At the core of it, there's a software business model, right?
Mm-hmm.
There's been a very professional packaging and the availability that is user-friendly, so that you can interface.
That's right.
... with your customers, who are also trying to develop drugs in a smarter, faster, better, more precise way to have the end in mind. Thinking about that, Geoff, in particular, you're coming in here with the breadth of your background. You probably watched the stock before you made your decision to come, and there were often these moments of terror called earnings. It was where there was a reckoning of recognition of the malalignment between expectations and measuring businesses like this every 90 days and stuff. Rami and I have had many conversations over the years about, you know, how can we do this? Should we do rolling 3 quarters or whatever?
Geoff, talk to us about the business and how you studied it to the point that you said: Yeah, I'd like to actually be one of the managers of this and a voice for this business to the investment community, because that's been one of the meddlesome things that people have struggled with.
Yeah. Look, it's challenging because we are simultaneously an operating business and an asset business, where we're generating very attractive, fairly rapidly growing revenue from a global array of customers. You know, we've said 1,750 customers over $1,000 a year, and, you know, we're seeing customers buying, you know, $5 million+ a year in software, the largest customers in the world. We've guided that that's going to be a sort of mid-teens growth opportunity for us this year, and we think that that's a very sustainable kind of long-term growth opportunity for the business. You know, generally, we've indicated that that business is sort of operationally break-even.

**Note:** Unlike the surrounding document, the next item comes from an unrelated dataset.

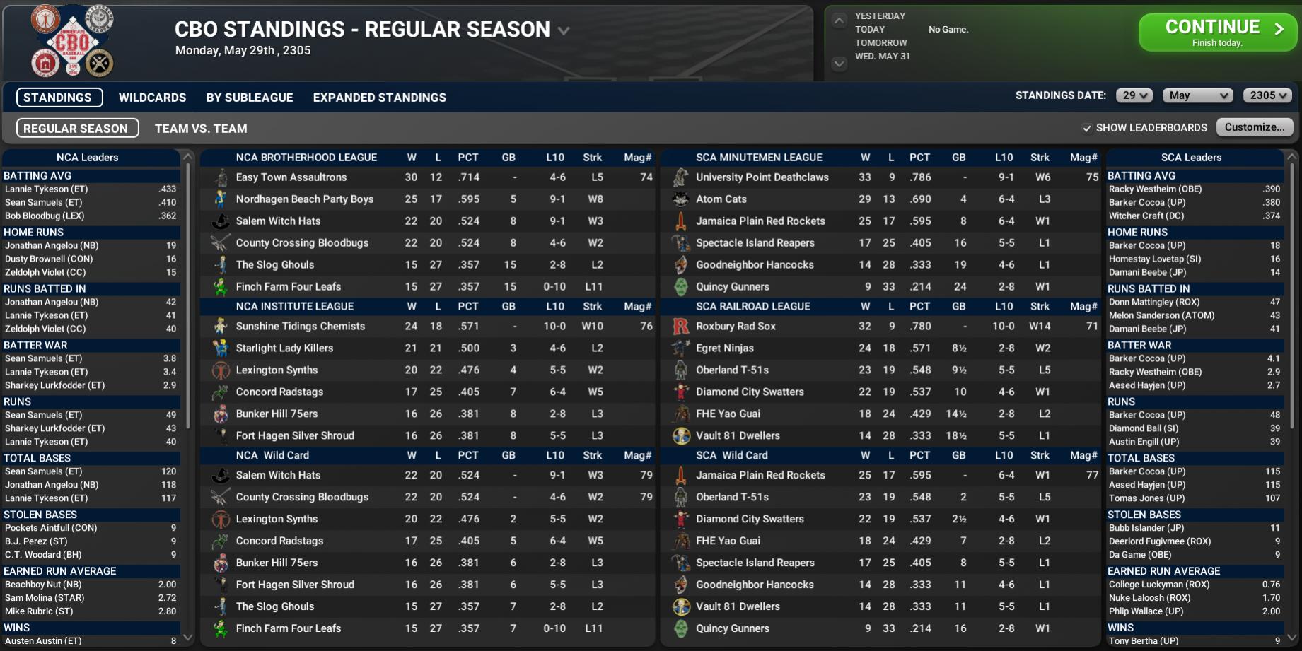 BNN Weekly Report This Week in the CBO, BMU, and GBRL by Nat Wright-Kawolski 17 April 2305 Analysis Interassociation play is now complete for the 2305 season, and there are some huge surprises across the league in the first 12 games of the season. That means we are more than 10% through the 2305 season. There is a lot of time for things to get back in order. For now, the South Charles Association won the interassociation championship going 81- 63. First, let's look at the Top 5 of the Power Rankings and then dive into the league races heading into association play for the final 22 weeks. The biggest surprise of the 2305 season has been the two-week dominance of the Railroad League's Egret Ninjas, our #1 team in the first Power Rankings. The Ninjas went a staggering 11-1 in the first two weeks, sweeping through the Institute League and losing only to Easy Town (#6) in the Brotherhood League matchups. Egret has won thanks to dominant pitching in the first two weeks, allowing just 28 runs in 12 games, best in the CBO. Their Starting Pitching (2.60) and Bullpen (1.12) are best, with the best FIP of 3.42. While the offense has a lot of work to do, the pitching has been amazing for a team looking to make its first appearance in the CBO playoffs. Their one time to be in the playoffs came in the 2296 season when the leagues were separated. The Ninjas lost that one series to the then Abernathy Adamantium (now Bunker Hill 75ers). At #2 is the Atom Cats, who also showed dominance in their 10-2 start. The Cats of the Minutemen League swept the Brotherhood League and then went 4-2 against the IL, dropping two games to Sunshine Tidings (#8) and Fort Hagen (#14). Two-time defending champions, the Roxbury Rad Sox, are #3 after going 9-3. The Rad Sox struggled in the first week, going 3-3 against the IL with losses to the Silver Shroud to open the season and then Lexington (#22) and the Chemists. The Sox then swept the BL, including a big 10-0 win over Finch Farm (#10). University Point is #4 at 9-3. The Deathclaws went 4-2 against the BL with losses to the Assaultrons and Four Leafs, and then they went 5-1 against the IL with their only loss being an 11-inning affair against Starlight (#12). As expected, the Claws are the top offensive team, scoring 101 runs in their first 12 and leading in four other offensive categories. FHE rounds out the Top 5 with a complete sweep by the SCA. The Yao Guai went 4-2 against the IL with losses to the Lady Killers and Sunshine Tidings. They then went 5-1 against the BL to go 9-3 in their first 12. The one loss came at the hands of The Slog (#21) in 10 innings. Brotherhood League We already knew that Easy Town was supposed to contend for the playoffs. What we did not expect was that they would be 10% through the 2305 season with a 5-game edge on both County Crossing (#19) and Nordhagen Beach (#20), each at 4-8. Really, we do not expect the Bloodbugs and Party Boys to stay down once NCA games start tomorrow, but we could see the Assaultrons turning that early edge into their first BL crown. County Crossing is suffering partially from the early slump by RF Babs Rooth (.174/2/4). The team is batting .245 (11th in NCA) and 12th in Bullpen ERA (7.29), made in part by the late-inning struggles of RP Terry Stebbins (0-3, 25.20) and CL Jesse Bibeault (2 SV, 4.91). While the Starters ERA (3.93) is 4th, ace SP Gavin Eviritts (0-1, 6.17) has not helped. Nordhagen Beach is also struggling on offense with only one player currently batting over .300 in 2B Jumper Hayes (.327/2/4). The Party Boys have generated most of their 50 runs on home runs (2nd) with 20. The starters on the mound have not been their usual selves, currently 5th in Starters ERA (4.02), including an 0-2, 4.29 start by ace Beachboy Nut. Institute League This was considered the least-talented league in the CBO in 2304, and that continues in 2305 with their only team over .500 being 7-5 Sunshine Tidings. The Chemists won the league in 2304, and they have what appears to be the best talent in a league where the 2nd place team may not be deserving of a playoff spot. Fort Hagen (5-7) was not picked to make the playoffs, but them missing would still be a surprise. The Silver Shroud seem to be in the middle of the pack, currently tied for 7th in runs scored (52) and tied for 6th in runs allowed (61). Ace Derek Green (2-0, 0.47) has been his usually dominant self, but the rest of the starting pitchers (7th with a 4.75 ERA) have struggled. Concord (5-7) was the pick to finish 2nd in 2305 by PAM, but they have not yet shown they can separate themselves from any of the other teams. The Radstags have not shown they can get their offense started outside of their stars in LF Dan Erb (.298/3/6) and 1B Dusty Brownell (.319/2/7). Minutemen League This is a league with the most obvious differences in talent with the big three of Atom-Jamaica Plain-University Point usually dominating the bottom three of Goodneighbor-Quincy-Spectacle Island. There is not reason to believe that will not also happen in 2305, with the standings indicating as such in the first two weeks. The Rad Rockets have not been the dominant team they usually are, but that is because their offense has been the absolute worst all around in the SCA, including being currently 12th in runs scored with 34. No player is currently hitting over .300 and three players--LF Carney Cornseed (.189/0/4), RF Damani Beebe (.167/4/8), and C Ayag Mour (.158/0/0)--batting below .200. SP Digger Vadim (2-0, 1.80) has been the star player, helping the Rockets to win almost every fourth game. Atom and University Point are both in the Top 5 for a reason, and they should stay in the playoff hunt throughout the season. Despite Goodneighbor's 5-7 start, it is safe to assume the Hancocks will be out of the running by midseason. Railroad League This league was the most dominant with four teams above .500 and one team at .500. Only Vault 81, dealing with injuries and suspensions, had a tough two-we

Although the caveat, that we are absolutely committed to investing in the core technology, the platform that Rami described, both the physics-based methods and the machine learning component to it. We're not sort of idle or complacent and waiting for competitors to catch up. In fact, I'd say we're gapping away from our competitors. That does take an investment. We have a very nice software business that my conclusion was very attractive, very durable, sticky, and was essentially contributing cash that could be invested into the platform and the proprietary portfolio. Of course, the ultimate test of a drug discovery technology is whether it works, right? Whether it comes up with drugs.
Mm-hmm.
As you can imagine, you know, I did quite a bit of due diligence on that, and I think the runs are pretty well on the board. You know, you just have to look at Nimbus, and frankly, the Nimbus transaction occurred after I joined, and that was sort of nice sealing of the deal.
We'll do all the better then. Yeah.
Morphic Therapeutic and Structure Therapeutics and the BMS collaboration, we announced recently that a SOS1 that we discovered in the BMS collaboration had transitioned into development in their portfolio, and there have been a number of other, those sort of collaborations that have been successful. Compared to most other platforms, I think that's a very large number of runs on the board in terms of validation. You know, the typical platforms, one or two programs that work out, and this, I think, is sort of every year after year after year. A validated platform, software business growing nicely, and then a commitment to deploying capital internally to great opportunities that Karen's team identify for advancing proprietary medicines. Ultimately, I think we think that's the way to create the most value from breakthrough technology.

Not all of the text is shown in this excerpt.